Monday, July 24, 2006

Where are real automatic backups?

Our daughter had her first hard-drive crash last week. (I can hear it now - what? Didn't you teach your daughter about smart computing - yeah, yeah )

She had a Dell computer that had just come off warranty (don't they always) and even though it had a DVD burner, backing up just isn't one of those things that regular people think of. Her biggest concern was her photos that hadn't yet been printed but had been removed from her digital camera.

Trish made a point that is very valid: Dell should offer automated online backups for their customers.
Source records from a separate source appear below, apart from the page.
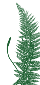
Fento macho Dryopteris sp.
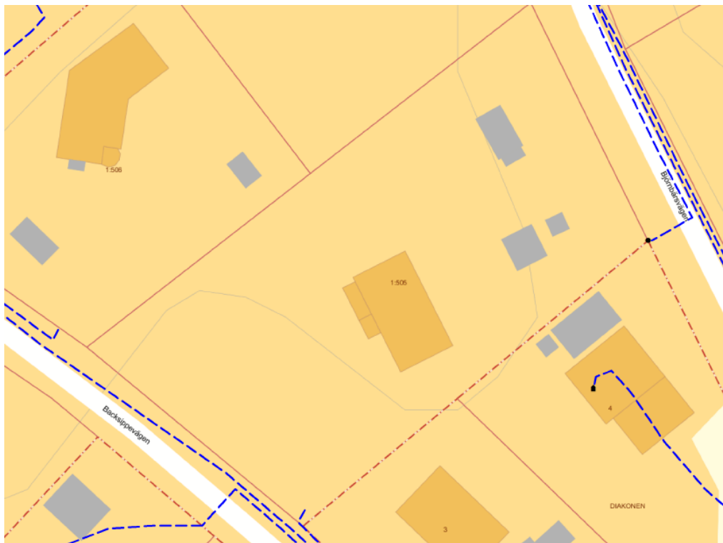
Bifogad karta till Vattenfall Eldistribution AB yttrande.

Befintliga elanläggningar måste hållas tillgängliga under alla skeden av plangenomförandet. Vattenfalls markförlagda kablar får inte byggas över och Vattenfalls anläggningar måste uppfylla det säkerhetsavstånd som framgår av Elsäkerhetsverkets starströmsföreskrifter.
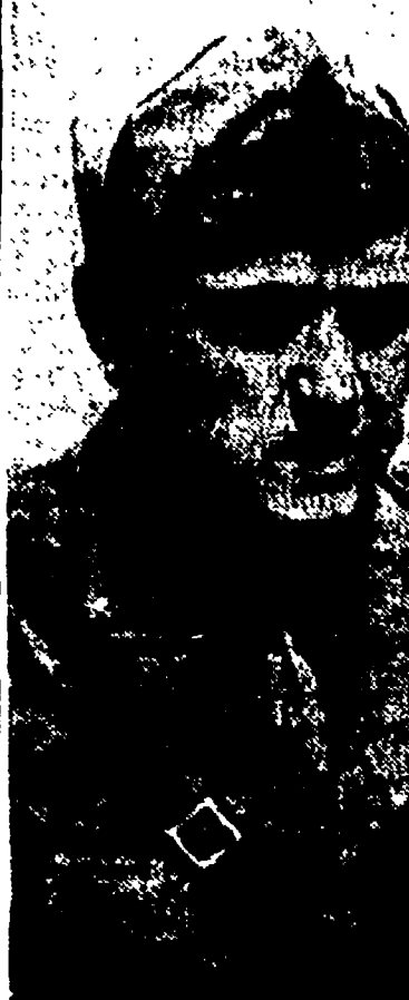
Il generale Messe

MATERA, 18. - Con una incredibile motivazione, la questura di Matera ha negato l'autorizzazione per un manifesto lanciato in occasione del congresso comunale della Lega braccianti, che si terrà domenica.
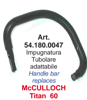
Art. 54.180.0047 Impugnatura Tubolare adattabile Handle bar replaces McCULLOCH Titan 60
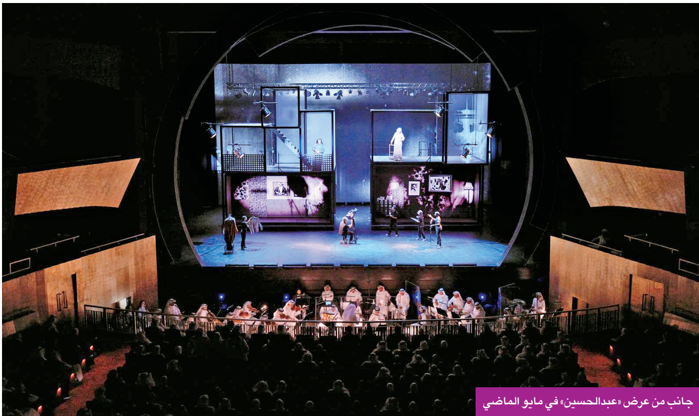
جانب من عرض «عبدالحسين» في مايو الماضي
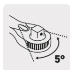
Mecanismo de 72 dientes
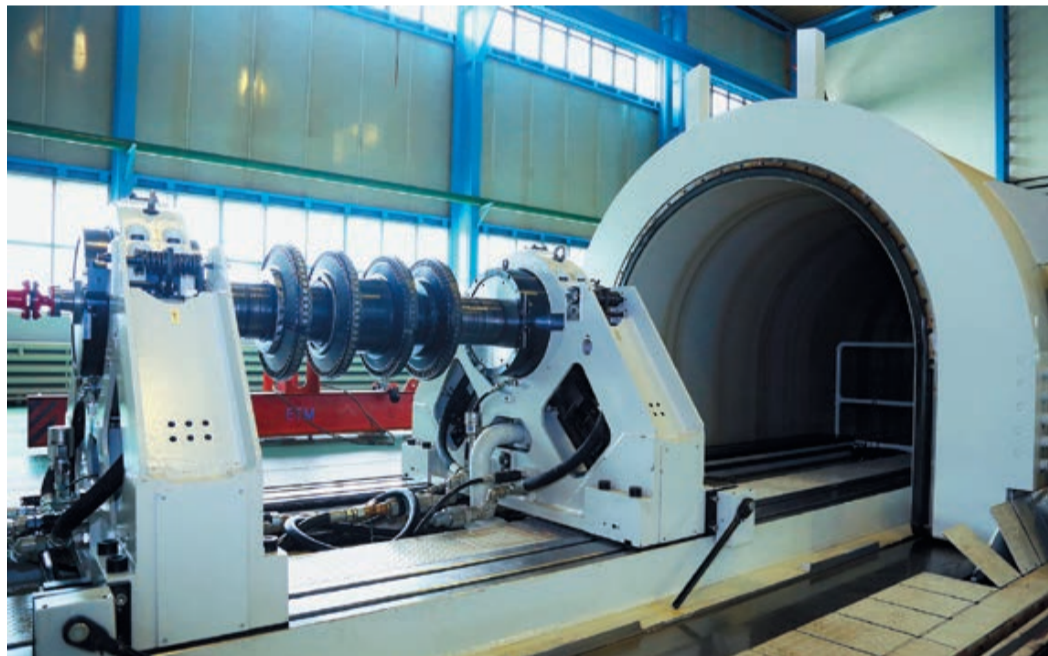
Разгонно-балансирующий стенд. Завод «Турборемонт»

газоперекачивающих агрегатов, используемых на магистральных газопроводах «Газпрома». На сегодняшний день предприятием произведен заводской ремонт около 700 роторов турбин ГПА отечественного и импортного производства. На данный момент одним из основных направлений деятельности завода «Турборемонт» является капитальный ремонт сменных проточных частей компрессоров и нагнетателей. Также завод выпускает нестандартное оборудование, высокоточный режущий инструмент и муфты для ремонта подводных переходов магистральных газопроводов.
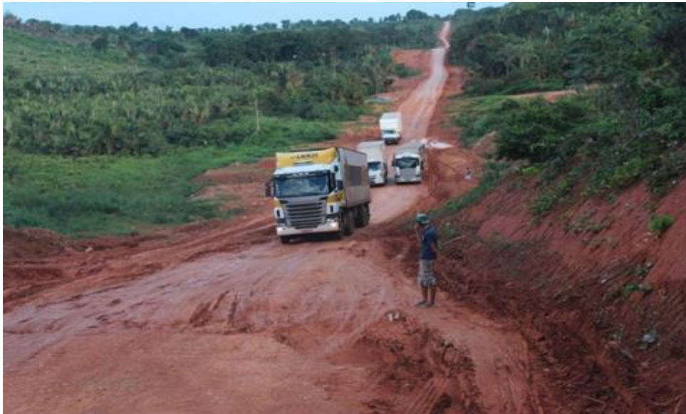
Figura 5 - Trecho de estrada não pavimentada pós chuva
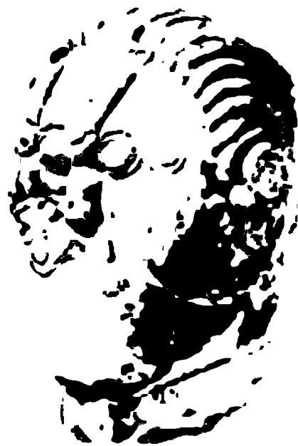
Каменная голова кельта из Мшецке-Жехровице, Чехия, III—II века до новой эры.

В какой-то мере может помочь археология. Благодаря ей мы получаем представления об обыденной бытовой стороне жизни, и представления эти могут быть довольно полными. Если же пойдем дальше и попробуем сопоставить скудные сведения древних авторов (описывавших лишь те эпизоды, когда кельты непосредственно сталкивались с античным миром) с данными археологии, мы сможем реконструировать в какой-то мере и ход событий, хотя, конечно, без подробностей, так украшающих историю, часто даже без имен и дат. И все-таки... От этого привлекательность кельтов не уменьшается.
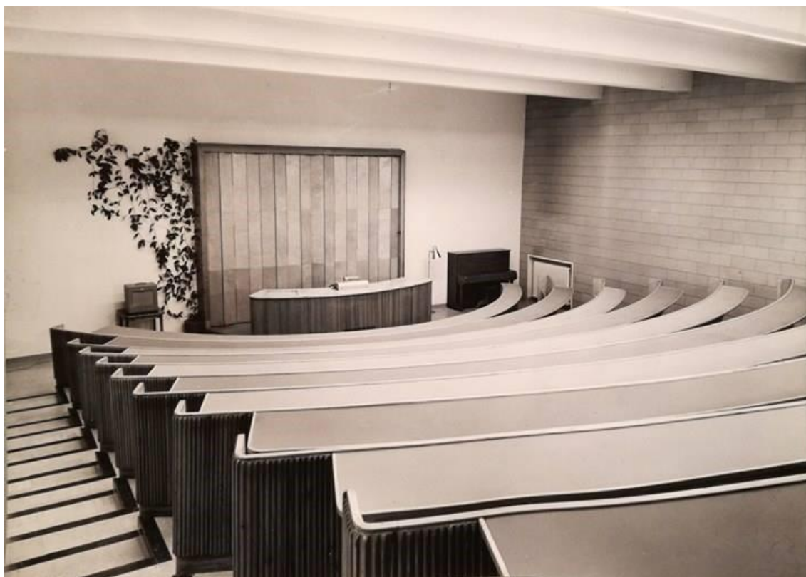
Kuvio 15. F-siiven auditorio 1950-luvulla (Hoitotyön koulutuksen museo. Rehtorin huone).

Oheinen kuva (kuvio 15) on F-siiven luentosalista 1950-luvulta.
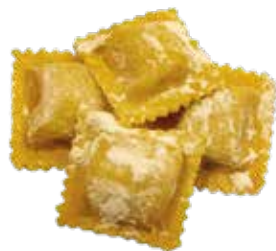
Ravioloni de Carne XL (+2.95€)
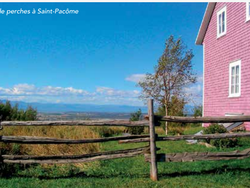
le perches à Saint-Pacôme
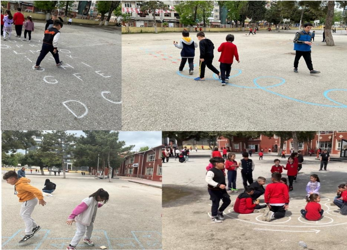
Resim 3 Hazırlanan Oyun Alanlarında Çocukların Oyunları

Okul bahçesinde gerçekleştirilen yönleri gösteren pusula, harflerle ve sayılarla oluşturulan oyun parkurları, ilköğretim için uygun alanlardır. Bunun gibi formüllerle, matematik işlemlerle ilerlenen çeşitli platformlar, labirentler de öğrenciler tarafından tasarlanmıştı fakat zaman, malzeme ve öğrenci kısıtlılığı dolayısıyla en pratik olanlar hayata geçirildi. Sek sek ve diğer oyun alanlarında boyama yaparken çocukların ilgisi başladı ve daha kurmadan oynamak için çocuklar birbirleriyle yarıştı. Çocuklarda çok büyük bir oyun açlığı olduğu görüldü. Gözlemlerimize göre tenefüs en az 20 dakika olmalıdır. Bahçedeki platformlar beden derslerinde kullanılacak gibi olmalıdır. Uygulama kapsamında hazırlananlar buna müsaittir. Öğrenci sayısı, ders saati, yeri, belli olan etkinlikler daha düzenli geçti bununla birlikte bahçede gerçekleşen etkinliklerde tenefüs saatinde yoğun talep ve küçük çaplı izdihamlar yaşandı. Oyun alanlarının nasıl kullanılacağı yağ satarım bal satarım, istop gibi oyunlar öğretildi. Öğrenciler kısa sürede adapte olup hemen oyun oynamaya başladılar.
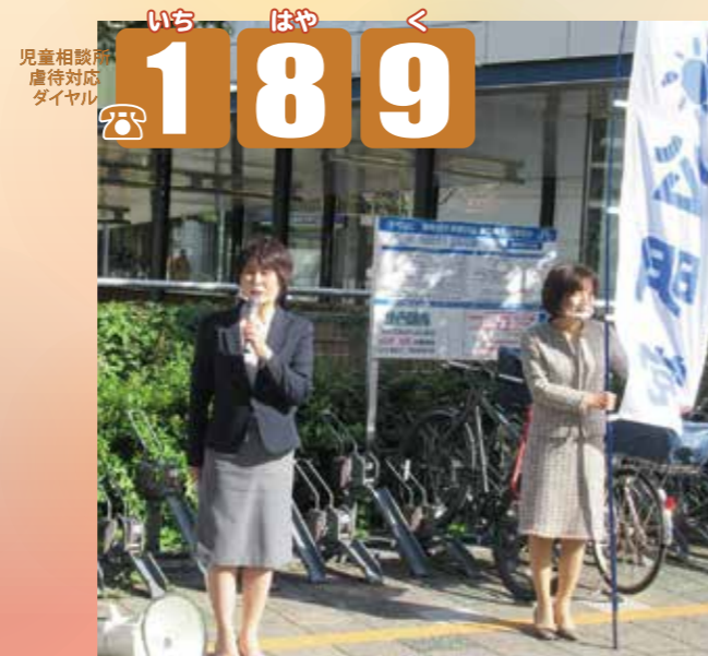
児童相談所虐待対応ダイヤル
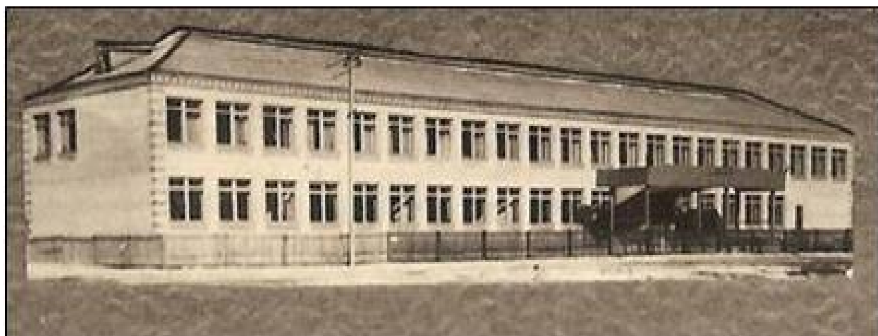
Старое и новое здание Еленинской школы
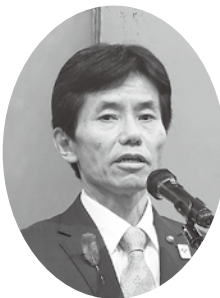
山形県庄内総合支庁

For $10/month, the ability to forget about having to backup - because Dell is going to do it for you (and not bother backing up any of those unneeded files) - would make it easier on consumers and other non-geeks who just want a computer for the benefit of it.

Now some services have been offered in the past (xDrive - don't get me started ) and some are talking about doing it now for fresh but these companies may be missing the point. Even Google's offering would require someone to sign-up - something that basic consumers are likely to forget or never get around to. It has to be offered at the Point of sale if they truly want to avoid the hassle that users currently go through. Just like virus-scanning and other useful tools.

Trish was right: it's just GOOD customer service. Dell - you recently got into a deal with Google - maybe you should get gDrive on the table as well and reclaim your desktop throne by offering a service that actually works.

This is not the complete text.